I have to say that your link about medicine is short of laughble.
Even if there was some bad "allopathy" back in the day, there is more bad eclictics and homeopathy right now. And to practice medicine you have to understand scientific method, especially falsifability.
And I also have to say that the "free market" idea isn't falsifable. "Let it to free market" rarely works.
They assume rational actors (people making decisions based on their own self interest). That's been falsified (when applied to humans).
Most variations of the efficient market hypothesis have been disproved as well, for the same reasons:
Humans have cognitive biases and other types of irrational behaviour.
But anyone linking to mises.org is probably a follower of the church of the free market. And they generally strongly disagree with the idea that humans have cognitive biases (because their faith requires it not to be true).
I'm glad someone else laughed at the pro-homeopathy / conspiracy theory around the history of snake oil salesmen content on there.
> That's untrue of some schools of economics that advocate free markets, e.g. Austrian.
I took the term "free market 'idea'" to be specifically talking about those for which it's true. That seemed to be the point, and the site linked to was Austrian. Both articles make the assumptions in question about the ability to self-regulate that assumes rational actors. So yes, my statement was not true of all schools, but it seemed like those types of Austrians were not in the scope of the discussion.

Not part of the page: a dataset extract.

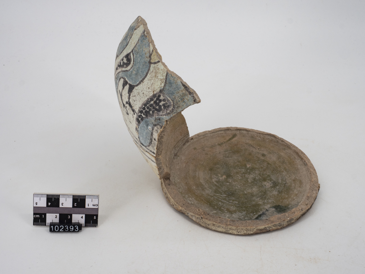 Forma chiusa tipo brocca, con corpo ovoide ed accenno di basso piede anulare Rivestimento vetroso semi coprente, tipo "protomaiolica", steso sulla superficie esterna del corpo ceramico. Rivestimento vetroso trasparente tendente al verdino, all'interno. Impasto beige-rosa

> That's an ... interesting ... claim. Care to justify it?
Subjective opinion. I read economics news and neuroscience news because it's interesting. Comment threads, especially here, frequently have two types of subjects that start the vocal libertarians arguing and proclaiming: government regulation and the phrase "humans are irrational".
This may vary by province, but our provincial engineering board will not stand up for you if you get fired due to upholding your code of ethics (they even told us so in ethics class).
Furthermore, whistleblowers are often unemployed for extended periods of time, due to corporations not wanting to hire them as they could be a liability.
The patent language says it's "a commitment from Twitter to our employees that patents can only be used for defensive purposes." Extending this more broadly would say "a commitment to our employees that the code they write can only be used for non-spamming purposes."
The problem, of course, is that it's pretty easy to tell whether a patent is being used defensively or offensively. Defining spam (or more difficult yet, privacy) is a bit more slippery.
This assumes that Path (or any company) would be foolish enough to make their intentions clear.
If a developer refused to implement a feature due to their ethics then the company would do the following:
* Move engineer to different project
* Set unrealistic goals/deadlines/expectations
* After engineer fails, voice concern about performance
* Set up performance review and improvement plan
* After causing engineer to fail a second time due to unrealistic expectations, fire them due to poor performance
Even if that engineer writes a blog post, enough has happened between his initial refusal and termination as to make conclusive proof impossible. The discussion will be a he-said-she-said affair as his former employer makes a counter-blog post explaining the engineer's poor performance.
A lawsuit is similarly out of the question as most companies have sufficient funds to cause delays in court, thereby causing you to spend all your money on attorney fees and bleeding you dry.
Yup. SOP in the food service industry is to give employees who are underperforming 4 hours per week, on the slowest shift, and just leave them there until they quit.
Honestly, if you refuse to do something on ethical grounds and then are moved around, you know what's going on. Most people aren't clueless to office politics and at that point it's your decision to blow the whistle or shut up and watch it happen in spite of your oath.
It's not like hospitals haven't contended with this exact thing for a very long time. The wills of surgeons/doctors and their hospital administrators do not always match up.
How would this be any different from the situation today, where he writes a blog post titled, "Path fired me for not spamming millions of people's phones" and the community rallies around the whistle-blower?
Maybe not, but Apple changed their practices pretty darn quick. They now review suppliers much more closely than they did before, and Foxconn's practices have changed a bit as well. You can argue it didn't have ENOUGH effect, but you can't claim it made no difference.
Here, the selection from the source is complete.